# Jamaican Jerk Burgers with Orange-Chipotle Mayonnaise



## surfmom (Nov 3, 2012)

Making these tonight but I use turkey burgers instead. good stuff. I usually have a lot of left over marinade and will baste it on chicken for another meal

Orange-chipotle mayonnaise
1 cup mayonnaise
3 tablespoons orange juice
1 tablespoon minced canned chipotle chilies*
Jerk sauce
1 bunch green onions, coarsely chopped (about 1 1/2 cups)
1 tablespoon chopped fresh thyme
1 small habañero chili or 2 medium jalapeño chilies, seeded, chopped
1 garlic clove, peeled
1/2 cup (packed) golden brown sugar
1/2 cup vegetable oil
1/2 cup soy sauce
1 teaspoon ground allspice
2 pounds ground beef (15% fat)
6 sesame-seed hamburger buns, toasted
1 onion, thinly sliced
3 tomatoes, sliced
6 romaine lettuce leaves
preparation

For orange-chipotle mayonnaise:
Mix all ingredients in small bowl.

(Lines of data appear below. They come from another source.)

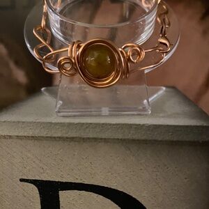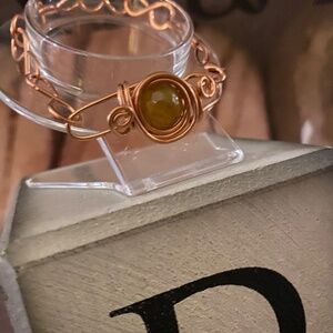 The Nile - is handmade completely of copper wire, the links are designed and hammered for a flat texture, center is a beautiful mustard orange glass bead with a figure 8 clasp. ***HANDMADE***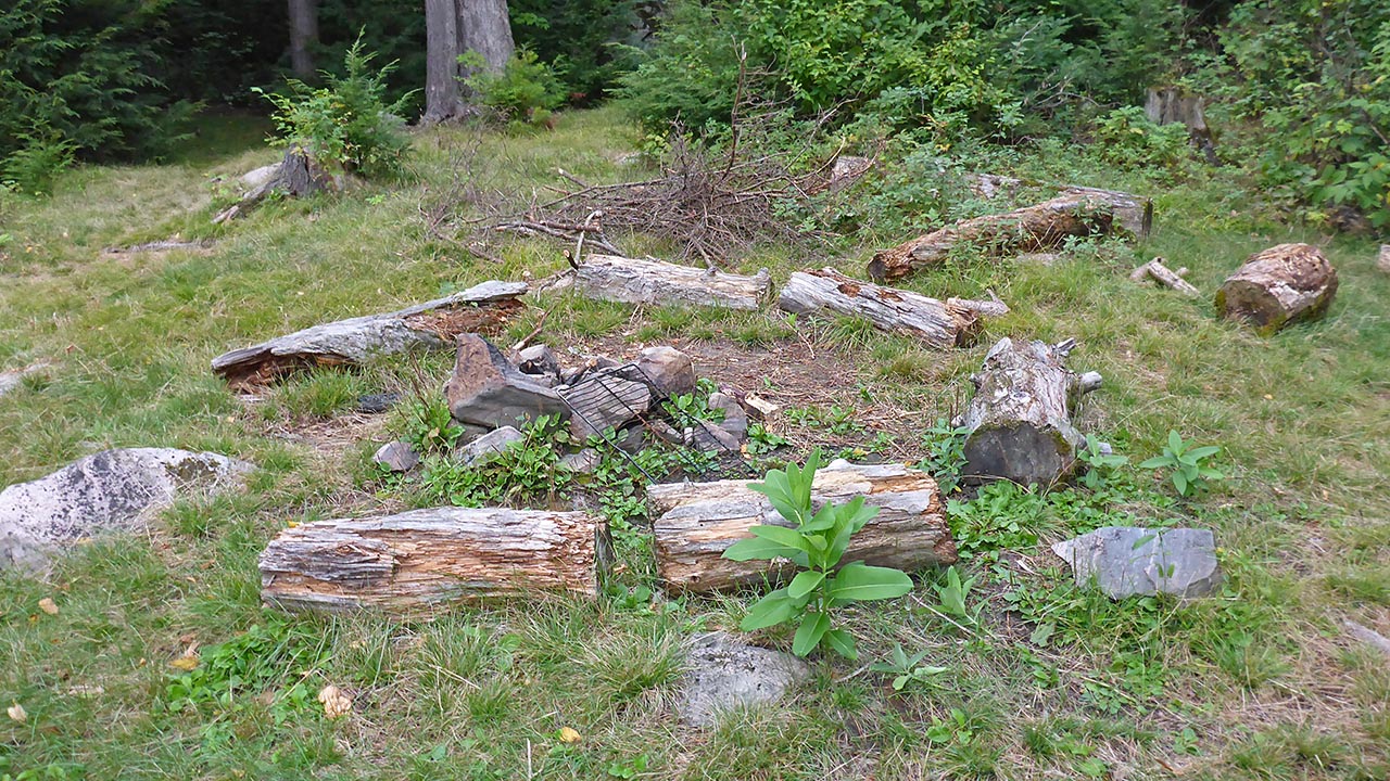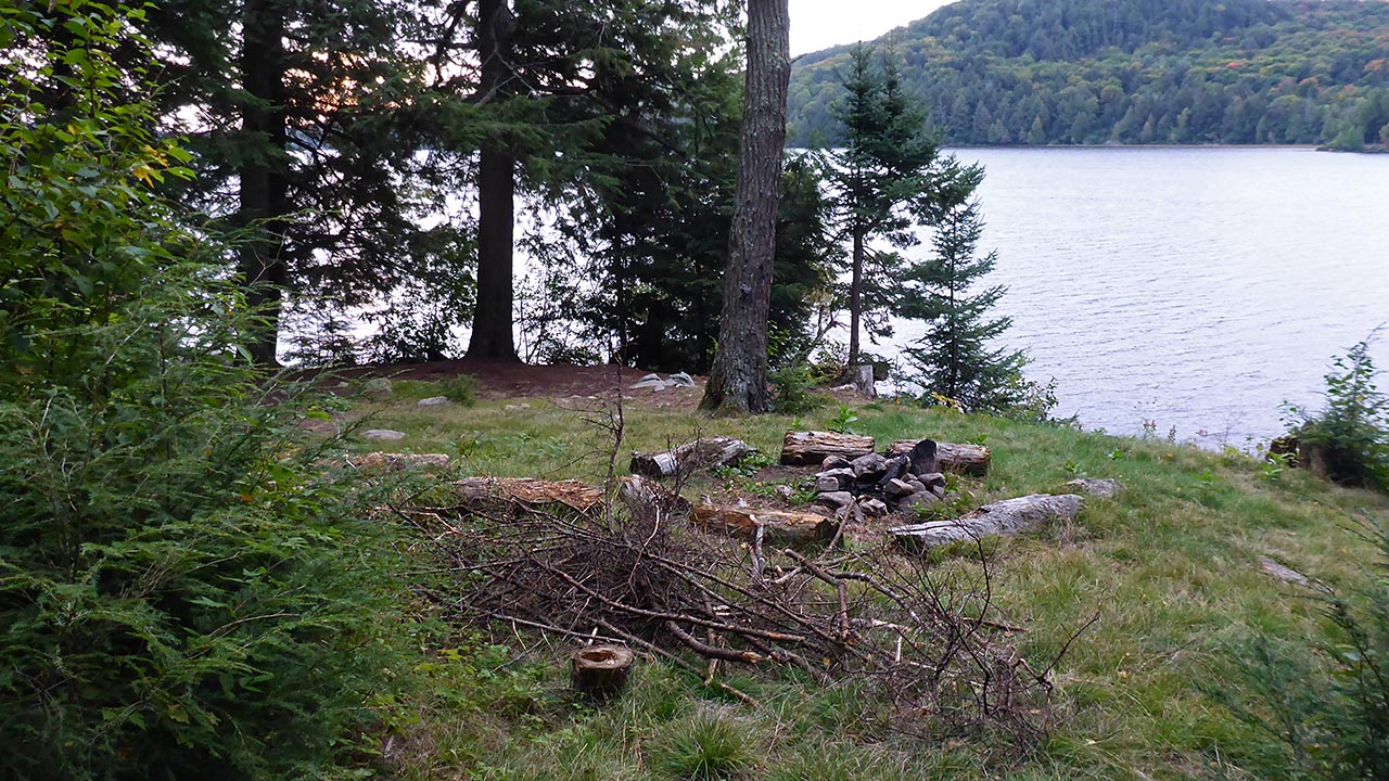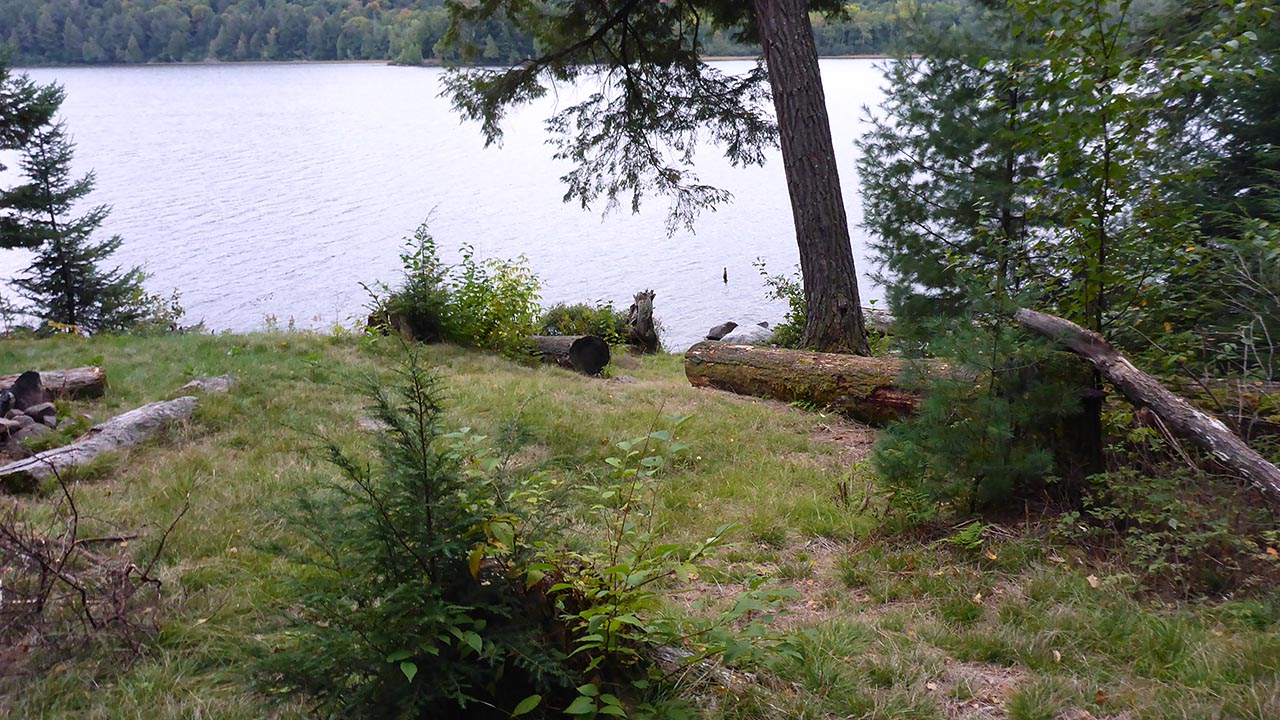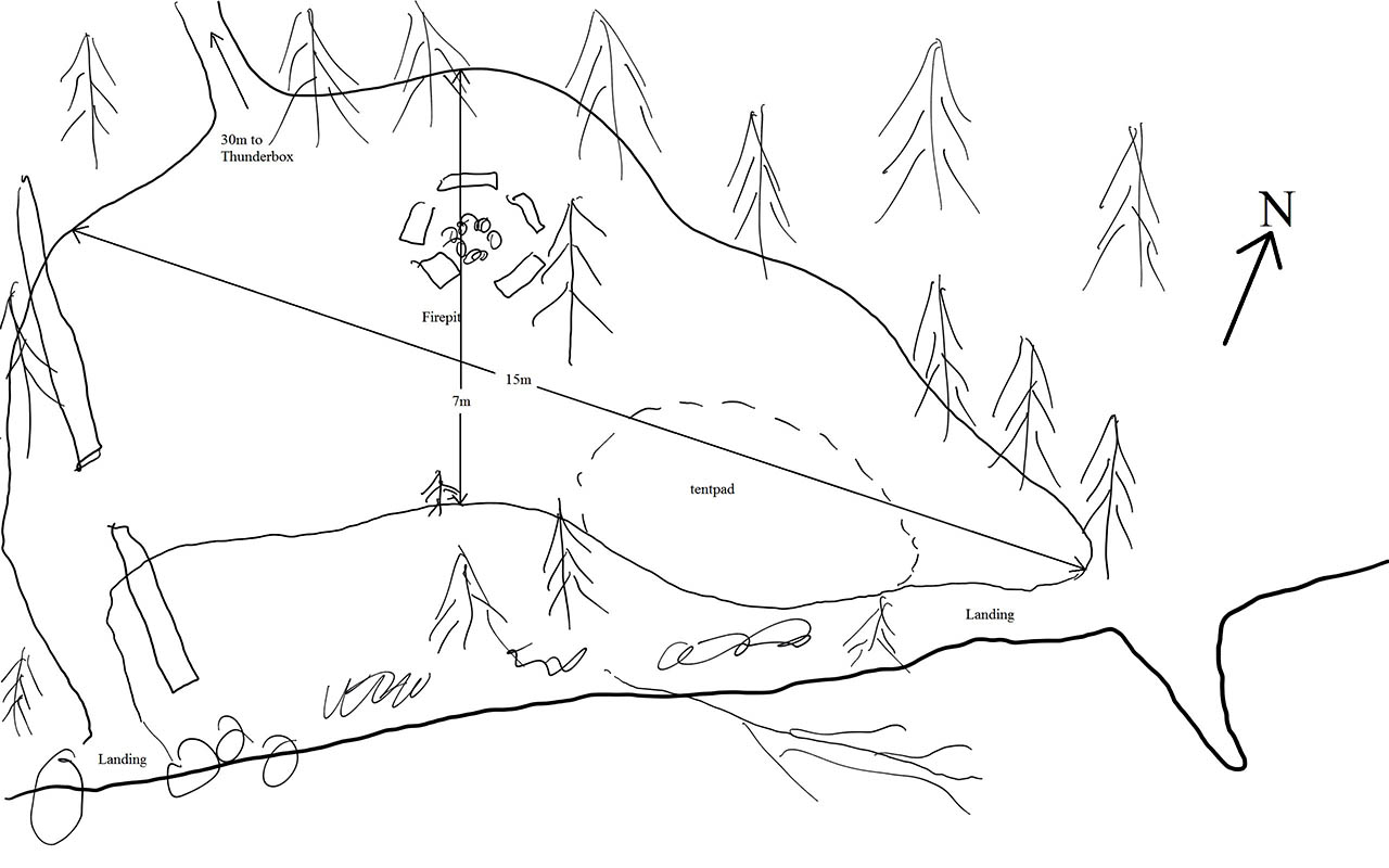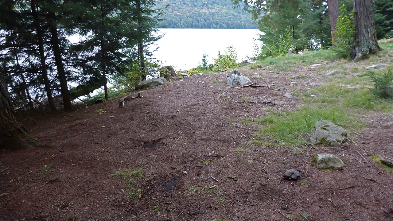 Campsite Campsite maintenance: Regular Open ground area: 15m x 7m. Extent of tree cover: 20% . Degree of levelness: Level only at tentpad. Number of tent sites: 1. North exposure: trees. East exposure: trees and view of lake. South exposure: view of lake. West exposure: trees. General description: Only 1 place level enough to tent on. Very significant slope throughout the site. Very open sunny site, well protected from any westerly wind. Overall accessibility: The slope from the west landing, and the rocks at the east landing make accessibility a slight concern.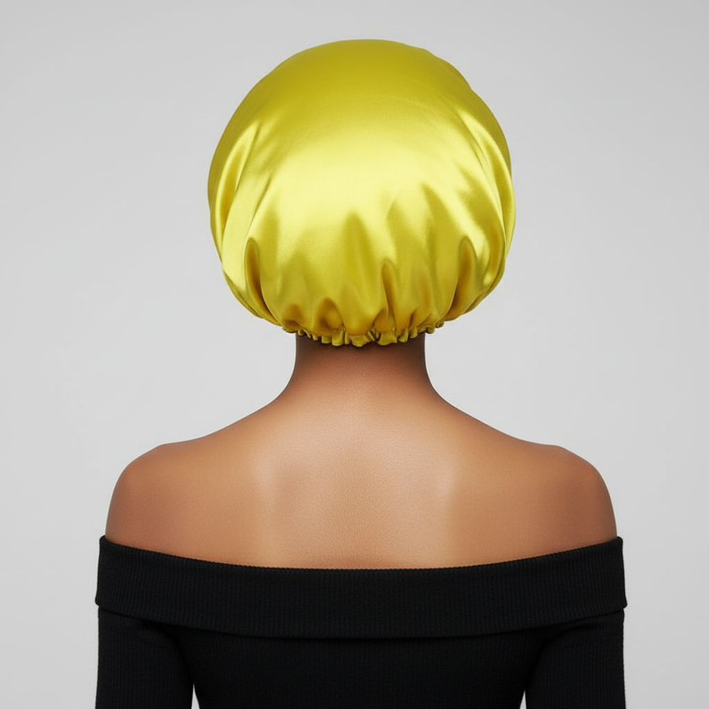 Bonnet En Satin Jaune Élastique Femme : Protection Capillaire Nocturne

Season to taste with salt and pepper.

For jerk sauce:
Finely chop first 4 ingredients in processor. Add sugar and next 3 ingredients; process until almost smooth. Season with salt and pepper.

Prepare barbecue (medium-high heat). Set aside 3/4 cup jerk sauce. Shape ground beef into six 1/2- to 3/4-inch-thick patties; place in 13x9x2-inch glass baking dish. Pour 1/2 cup jerk sauce over patties and turn to coat; let stand 20 minutes.

Sprinkle patties with salt and pepper. Grill to desired doneness, brushing occasionally with remaining jerk sauce, about 4 minutes per side for medium.

Spread mayonnaise over cut surfaces of buns. Place burgers on bottom halves of buns. Top with onion slices, tomato slices, lettuce, and bun tops. Serve, passing reserved 3/4 cup jerk sauce separately.


----------



## Paymaster (Jan 22, 2009)

Man Yeah!!!!!!!!!!!! Bet that is good. I have got to try them!!!!!!!!!!


----------



## dialout (Feb 5, 2011)

Nice...I love jerk seasoning, have never tried to make it....now I shall


----------



## surfmom (Nov 3, 2012)

oh forgot to say I use olive oil in place of the vegetable oil. Ended up grilling them in my cast iron pan, they were yummy.


----------



## surfmom (Nov 3, 2012)

Well i basted the pompano in the rest of the seasoning and grilled with green onions and sliced eggplant. Yum!!!!


----------